Owners need to protect their stakes in their businesses, so this is a common opening in the market. Small business owners readily see the need to provide a source of cash to retain the business should the unexpected happen to a business partner. But few producers carry this concept to the next step; by failing to do so, they miss a golden opportunity for additional sales.

An effective solution to these problems is a buy-sell agreement. Buy-sell agreements fall into one of two categories: cross purchase or entity purchase.

In either case, at the death of a business partner, the remaining partners are left with a larger share of the business. While positive from the business continuation point of view, the final result of a buy-sell agreement may be a significant estate taxation problem for the surviving owner, whether the business started with two owners or 10.

If the buy-sell concept is played out to its final conclusion, the business’s entire value will appear in the estate of the last owner to die.

Let’s look at an example, a two-owner wholesale plumbing business.

When the business was incorporated as a C corporation 30 years ago, each owner invested $12,000. Through the years, each has invested another $25,000 of his own money, and they have reinvested most of the corporate earnings.

The business today is valued at $2.15 million, employs 39 people, and has an excellent reputation. Both owners have children. Owner One has three daughters, none of whom is active or interested in the business. Owner Two has two sons, one of whom is active in the business.

As the business grew, the owners entered into an entity purchase buy-sell agreement. They have kept the insurance coverage up to date so that the business insures each of them for $1.1 million. If either dies, the business will purchase his share and retire the stock, leaving the surviving owner as the company’s sole owner.

In this scenario, although some planning is needed, the first to die can avoid significant negative estate tax consequences.

The survivor, however, will not be so lucky. The survivor will own the entire business, making his gross estate at least $2.15 million, an amount that almost guarantees significant estate taxation.

How should each owner plan? If they plan only for their current shares of the business, one of them will be caught short. Both need to plan as if they will be the survivor, and this creates an opportunity for insurance sales. The statements the producer makes should move him toward a sale.

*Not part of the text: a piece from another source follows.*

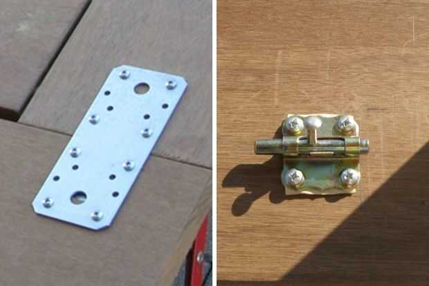 4. 4 x placas de acero y tornillos asociados (solución vergonzosa cuando no tienes conocimientos básicos de carpintería) y 4 cerraduras (asegure la parte superior del marco).
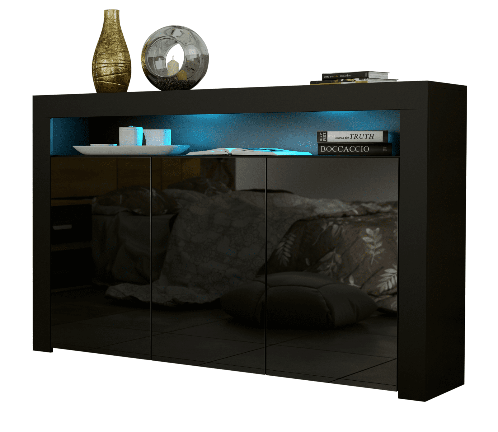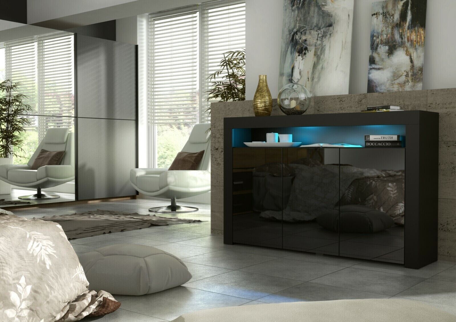 TV Unit Sideboard Cabinet with 3 Doors Storage and Free LED Lighting 155cm - Black

Producer: “Owner One and Owner Two, you’ve taken an important step in protecting yourselves, your families, and each other through this buy-sell agreement. It’s something that every business owner should do, and I’m glad I was part of helping you put it into place.

“There is one other thing that I should explore with each of you personally. That’s what will happen to the survivor’s estate. In fact, I should talk to both of you about your personal estate planning and what will happen if you are the survivor.”

As we have seen, both owners need to do some estate planning to make sure that no more than necessary is lost to estate taxation.

So what option does the survivor have?

He can sell the business, but this creates problems of its own. It will lead to capital gains tax on the $2.15 million gain in the business and will leave the balance in the survivor’s estate.

The capital gains tax problem would improve if their buy-sell agreement were a cross-purchase instead of an entity-purchase plan, but a significant amount of tax still would be due at the business’s sale. And selling the business does not solve the estate taxation problem; it simply switches one asset, the business, for another, cash. Either way, by selling or holding the business, the survivor of a buy-sell agreement will have the whole business’s value in his estate.

This is where the producer can explain what he means and then schedule a personal appointment with each owner.

Producer: “One of you ultimately will wind up with the full value of the business in your estate. We don’t know which one that will be. We do know that when the entire value of the business is in either of your estates, it will create an estate taxation problem. The unlimited marital deduction may defer the taxation, but there ultimately will be a problem unless you do some planning.